TASK OBJECTIVE
Print the lines below from the line with "We were roared" to the line with "Se determinó que" exactly, keeping both ends, and print no pictures.

DATA FOR PROCESSING
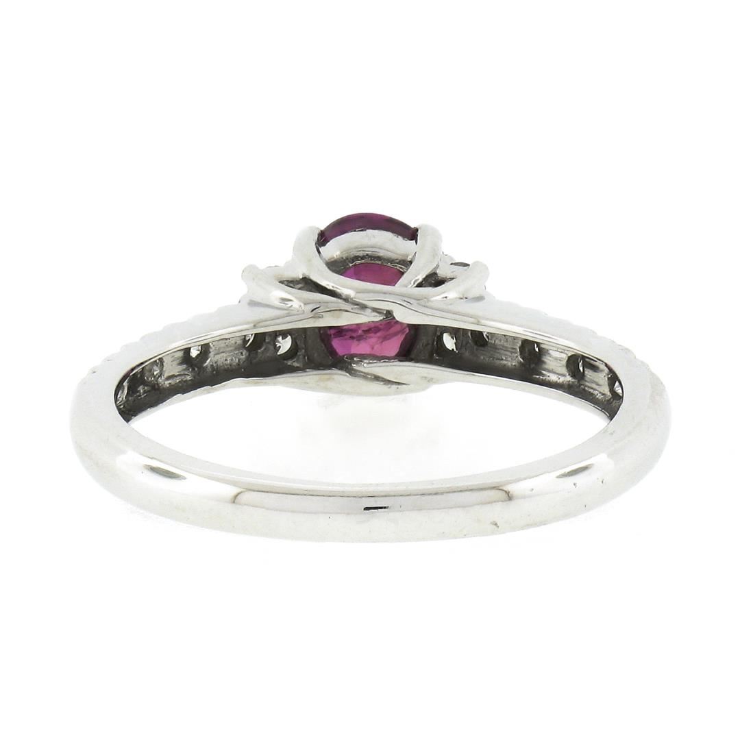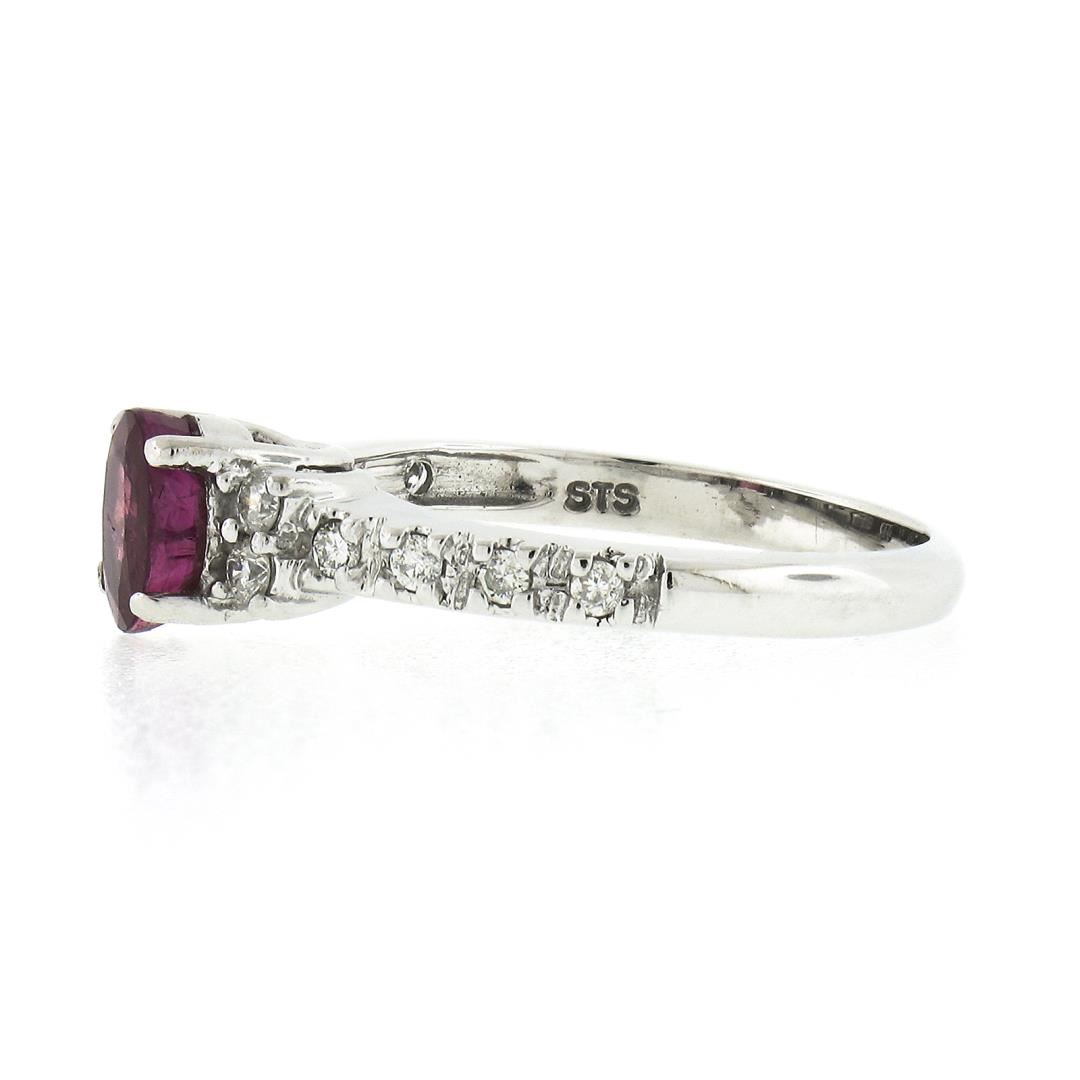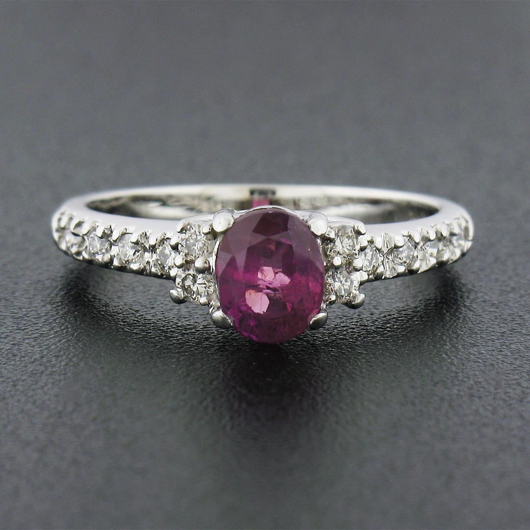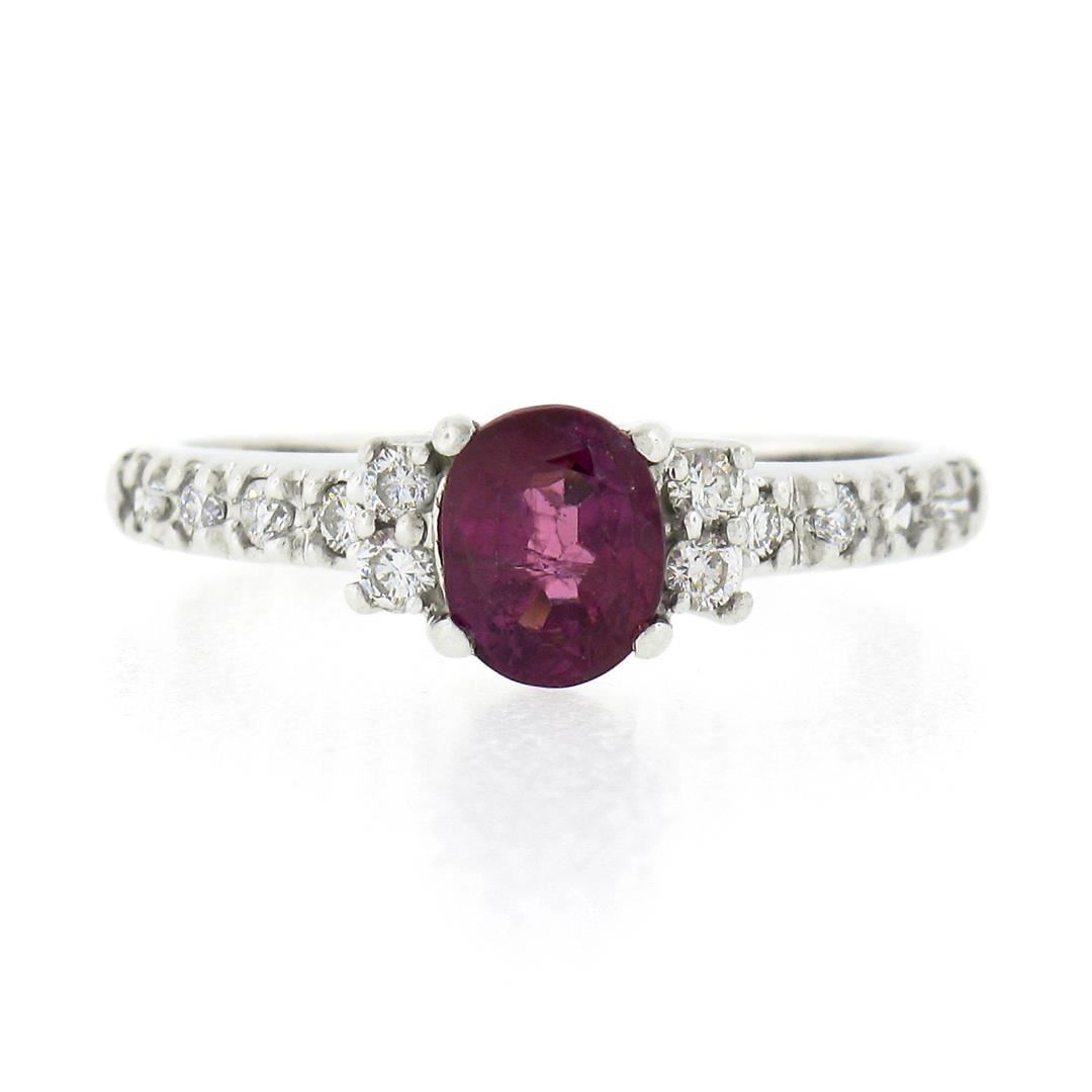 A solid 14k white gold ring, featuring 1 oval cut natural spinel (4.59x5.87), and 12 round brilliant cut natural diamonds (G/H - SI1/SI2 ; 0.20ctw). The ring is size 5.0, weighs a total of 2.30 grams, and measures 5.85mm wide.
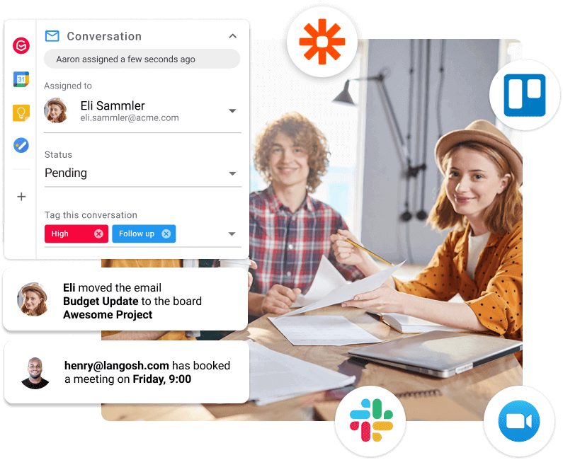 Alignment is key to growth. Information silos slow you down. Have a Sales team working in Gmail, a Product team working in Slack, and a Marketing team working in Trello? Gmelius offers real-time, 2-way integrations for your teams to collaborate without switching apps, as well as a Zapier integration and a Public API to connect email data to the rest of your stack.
==
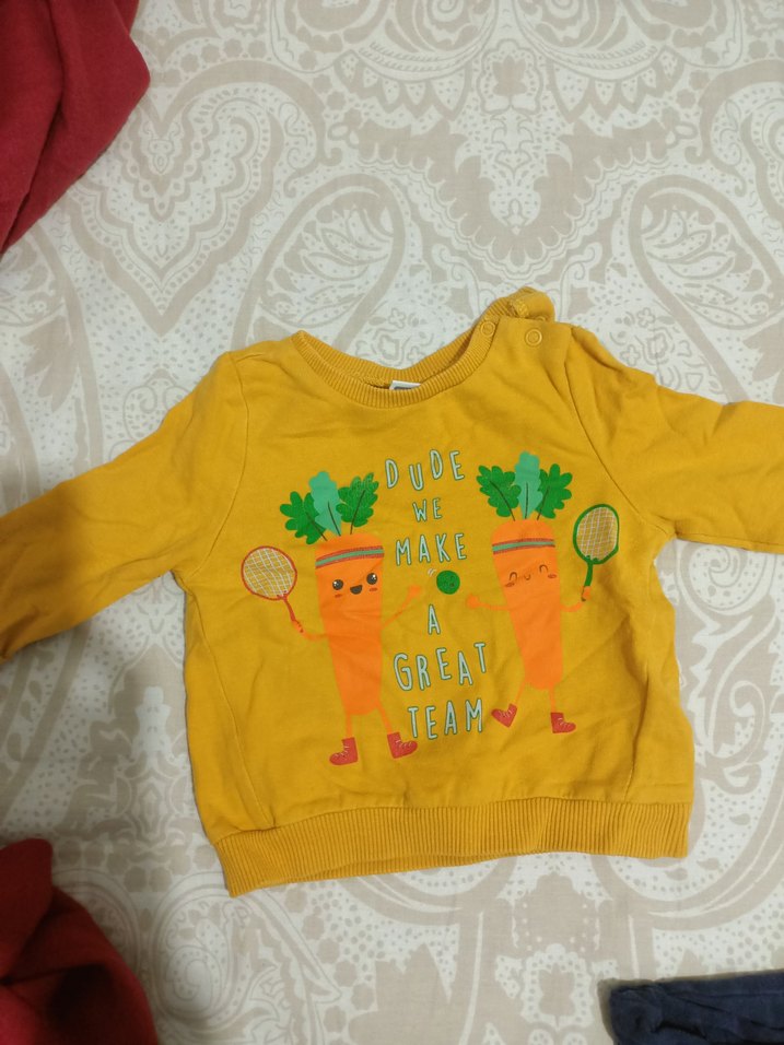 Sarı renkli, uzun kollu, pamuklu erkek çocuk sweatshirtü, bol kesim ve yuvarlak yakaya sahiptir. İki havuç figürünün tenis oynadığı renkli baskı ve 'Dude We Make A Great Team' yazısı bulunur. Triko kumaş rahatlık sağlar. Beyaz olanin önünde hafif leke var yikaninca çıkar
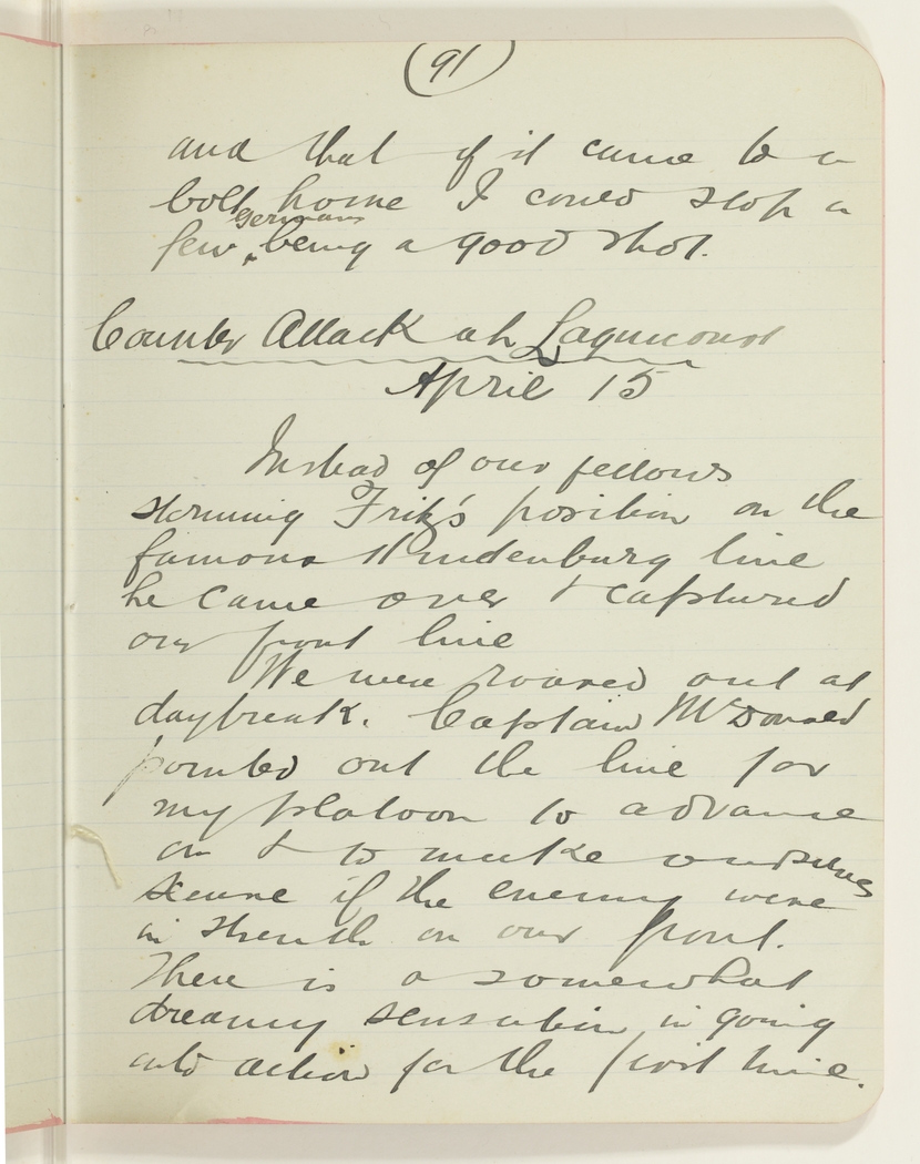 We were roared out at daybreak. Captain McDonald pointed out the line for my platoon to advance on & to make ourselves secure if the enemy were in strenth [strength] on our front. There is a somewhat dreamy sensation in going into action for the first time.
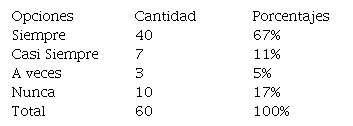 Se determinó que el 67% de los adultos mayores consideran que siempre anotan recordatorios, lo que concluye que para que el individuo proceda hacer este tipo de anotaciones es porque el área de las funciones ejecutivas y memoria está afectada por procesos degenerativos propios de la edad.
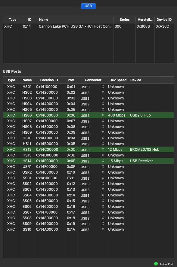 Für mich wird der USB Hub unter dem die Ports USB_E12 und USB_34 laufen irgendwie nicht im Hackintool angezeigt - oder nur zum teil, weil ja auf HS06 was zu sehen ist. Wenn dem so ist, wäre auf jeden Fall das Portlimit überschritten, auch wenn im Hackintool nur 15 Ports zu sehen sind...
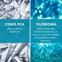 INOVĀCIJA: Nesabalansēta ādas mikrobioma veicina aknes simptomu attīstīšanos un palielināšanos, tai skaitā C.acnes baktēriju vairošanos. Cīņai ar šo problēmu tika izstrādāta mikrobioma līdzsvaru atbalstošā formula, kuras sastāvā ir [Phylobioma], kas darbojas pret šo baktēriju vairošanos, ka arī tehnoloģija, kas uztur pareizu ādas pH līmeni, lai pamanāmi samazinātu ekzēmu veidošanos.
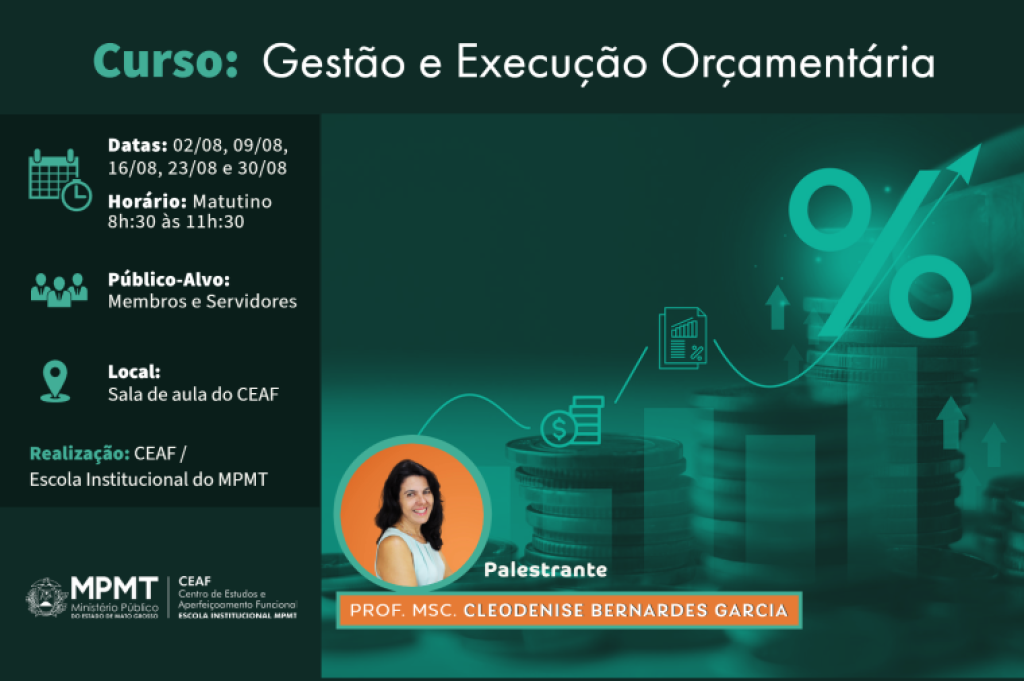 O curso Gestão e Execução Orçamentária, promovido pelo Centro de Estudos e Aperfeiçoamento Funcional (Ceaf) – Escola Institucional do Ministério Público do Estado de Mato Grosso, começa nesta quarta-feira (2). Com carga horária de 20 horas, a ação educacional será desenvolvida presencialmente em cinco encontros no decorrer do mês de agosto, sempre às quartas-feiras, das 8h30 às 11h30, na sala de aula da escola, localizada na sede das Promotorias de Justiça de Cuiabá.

SOLUTION FOR THIS PROBLEM
 We were roared out at daybreak. Captain McDonald pointed out the line for my platoon to advance on & to make ourselves secure if the enemy were in strenth [strength] on our front. There is a somewhat dreamy sensation in going into action for the first time.
 Se determinó que el 67% de los adultos mayores consideran que siempre anotan recordatorios, lo que concluye que para que el individuo proceda hacer este tipo de anotaciones es porque el área de las funciones ejecutivas y memoria está afectada por procesos degenerativos propios de la edad.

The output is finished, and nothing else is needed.